## Exercise details
Would you copy, word for word, each line from the one with "1. CLSID\ 경로에" to the end of the listing below, skipping all pictures?

***

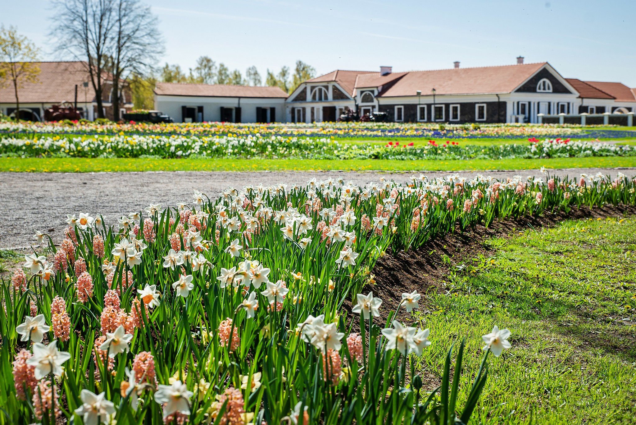 Lielā ziedēšana muižā sākas ar agrākajiem pavasara ziediem – vizbulītēm, sniedzītēm, muskarēm, hiacintēm un narcisēm, bet sezonai turpinoties, parku piepildīs arī simtiem tulpju šķirņu, veidojot nepārtraukti mainīgu krāsu panorāmu.
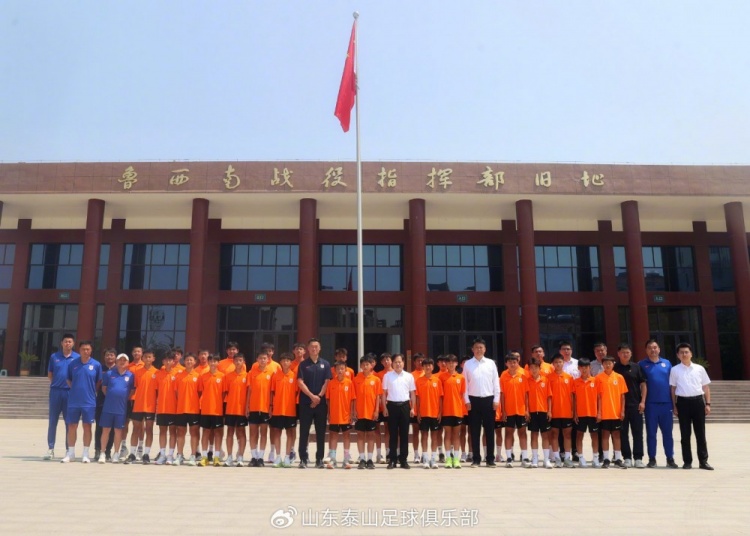 活動(dòng)開(kāi)始前,各位領(lǐng)導(dǎo)以及足校U14梯隊(duì)的所有隊(duì)員、教練員參觀(guān)了魯西南戰(zhàn)役指揮部舊址紀(jì)念館,重溫了黨的光輝之路。啟動(dòng)儀式上,鄆城縣副縣長(zhǎng)王永合發(fā)表了講話(huà),對(duì)泰山青訓(xùn)“滿(mǎn)天星計(jì)劃”項(xiàng)目落地鄆城表示熱烈歡迎,希望雙方今后加強(qiáng)合作,共同為中國(guó)足球增光添彩。宿茂臻代表山東泰山足球俱樂(lè)部致辭,著重強(qiáng)調(diào)了“五個(gè)堅(jiān)持”:堅(jiān)持黨的領(lǐng)導(dǎo),將足球青訓(xùn)融入國(guó)家體育發(fā)展大局;堅(jiān)持一體化發(fā)展戰(zhàn)略,打通青訓(xùn)學(xué)員—職業(yè)球員—教練員的全鏈條職業(yè)發(fā)展路徑;堅(jiān)持文體并進(jìn),建立“足球特長(zhǎng)+文化教育”的雙軌制發(fā)展通道;堅(jiān)持“請(qǐng)進(jìn)來(lái)、走出去”的國(guó)際化辦學(xué)理念,持續(xù)提升青訓(xùn)專(zhuān)業(yè)化水平;堅(jiān)持市場(chǎng)化運(yùn)營(yíng)方向,推動(dòng)泰山青訓(xùn)賦能全國(guó)青少年足球事業(yè)。周培建、張棟、宿茂臻、王永合、王濤、張建萌共同啟動(dòng)“滿(mǎn)天星計(jì)劃”,標(biāo)志著這一承載著青訓(xùn)拓展重任的項(xiàng)目正式啟航。隨后,周培建與張建萌為鄆城青訓(xùn)基地揭牌,宣布泰山青訓(xùn)鄆城青訓(xùn)基地正式成立。球員代表劉彬彬、張弛向鄆城青訓(xùn)基地贈(zèng)送了隊(duì)旗和隊(duì)服。
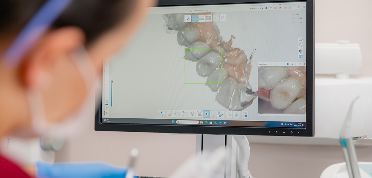- Unser 3D-Intraoralscanner ermöglicht eine abdruckfreie Zahnmedizin. Der unangenehme Zahnabdruck kann entfallen.
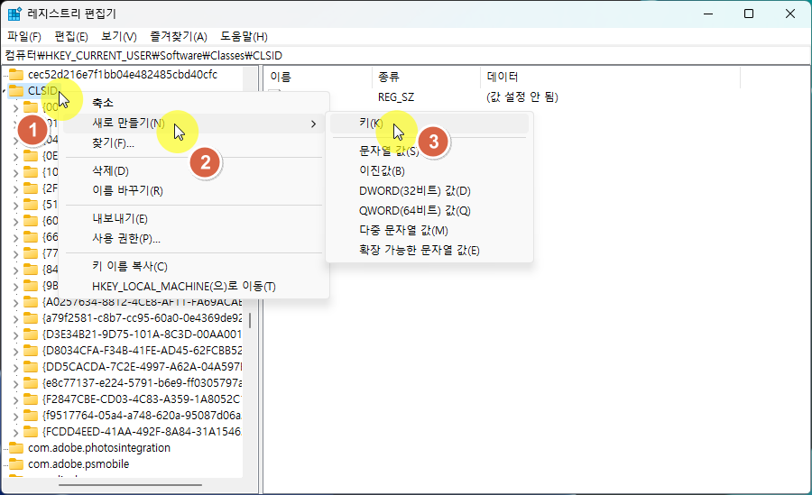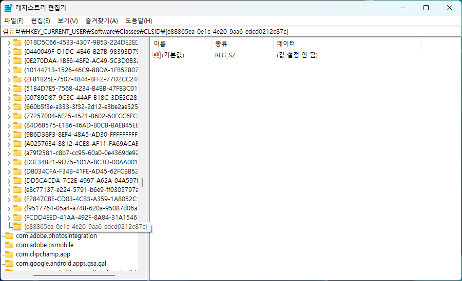1. CLSID\ 경로에 키 {e88865ea-0e1c-4e20-9aa6-edcd0212c87c}를 새로 만든다.
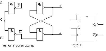 Как видно из таблицы № 2, состояние сигналов на входах S=R=C=1 недопустимо, что обозначено «*» (это является основным недостатком RS-триггеров).
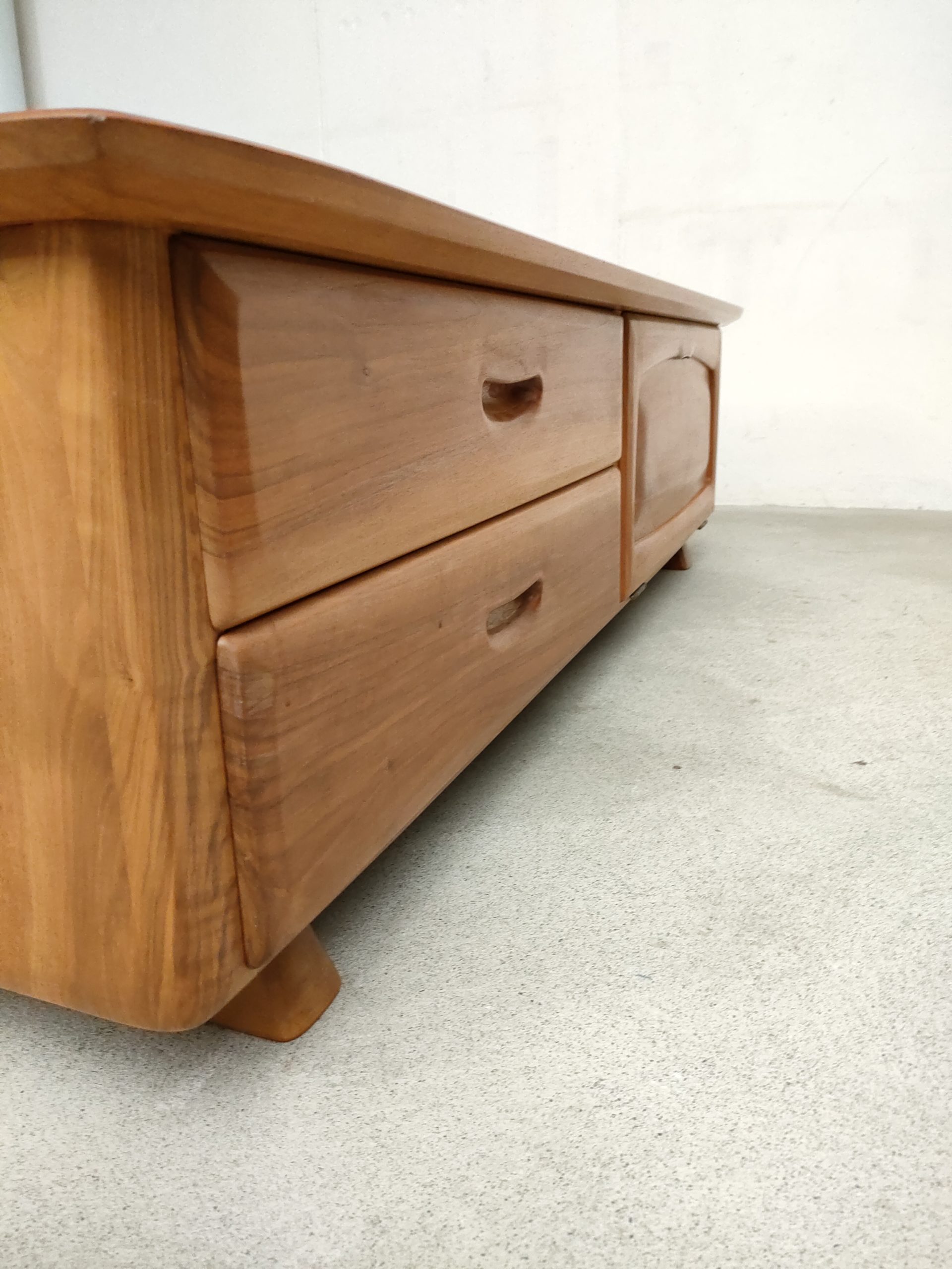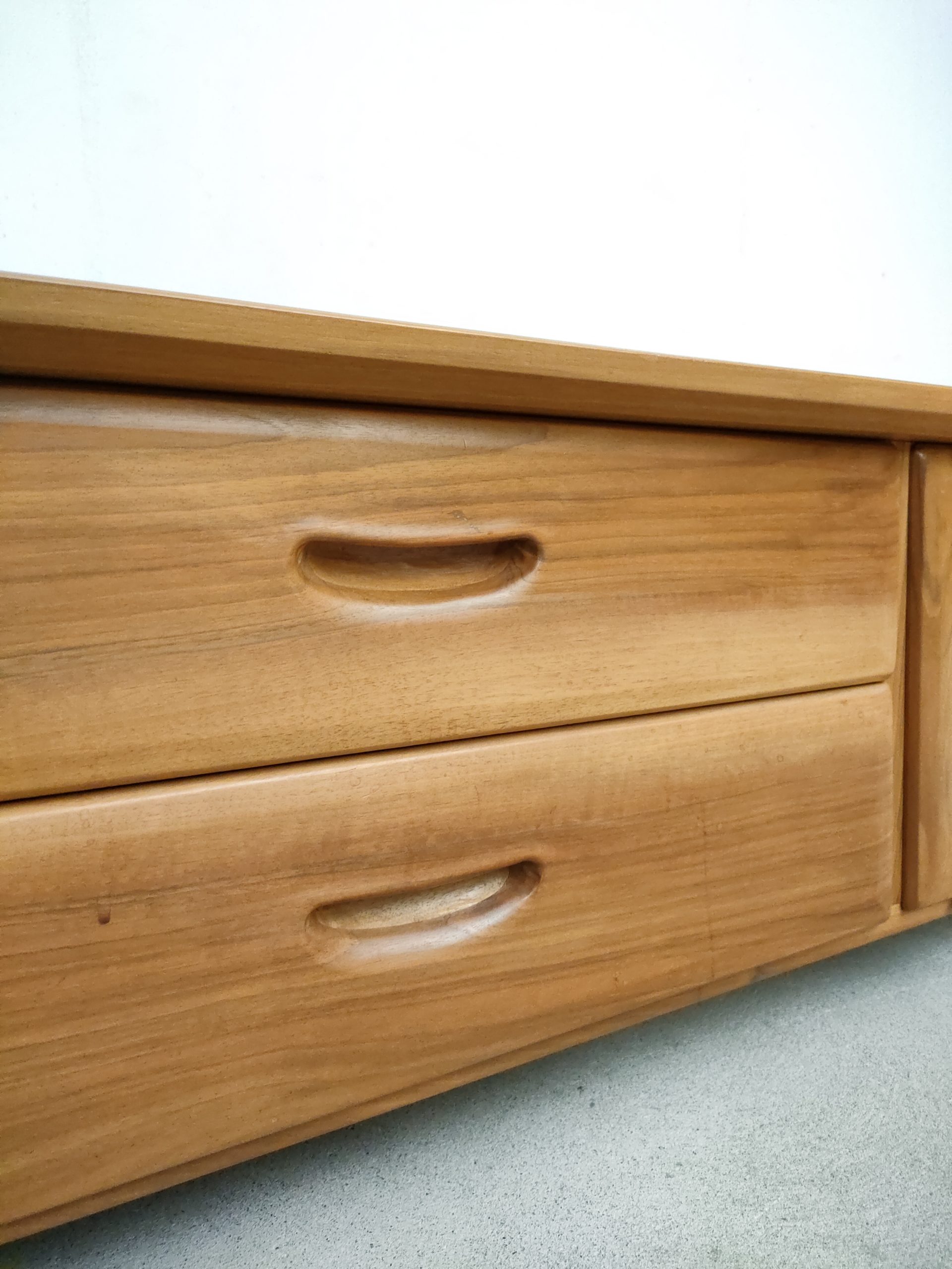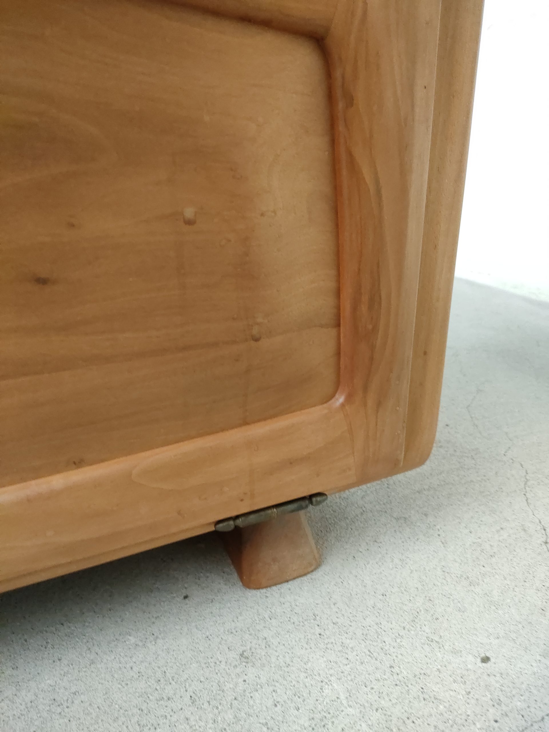 Produit venduEnfilade basse en bois réalisée par Franz Xaver Sproll. Elle est dotée de deux tiroirs avec poignées caractéristiques du travail de Franz Xaver Sproll et d’un espace de rangement avec porte rabattable. Quelques traces d’eau sont présentes (voir photos). Le meuble est stable et solide et parfaitement fonctionnel.

***

## Reply to the task
1. CLSID\ 경로에 키 {e88865ea-0e1c-4e20-9aa6-edcd0212c87c}를 새로 만든다.
 Как видно из таблицы № 2, состояние сигналов на входах S=R=C=1 недопустимо, что обозначено «*» (это является основным недостатком RS-триггеров).
 Produit venduEnfilade basse en bois réalisée par Franz Xaver Sproll. Elle est dotée de deux tiroirs avec poignées caractéristiques du travail de Franz Xaver Sproll et d’un espace de rangement avec porte rabattable. Quelques traces d’eau sont présentes (voir photos). Le meuble est stable et solide et parfaitement fonctionnel.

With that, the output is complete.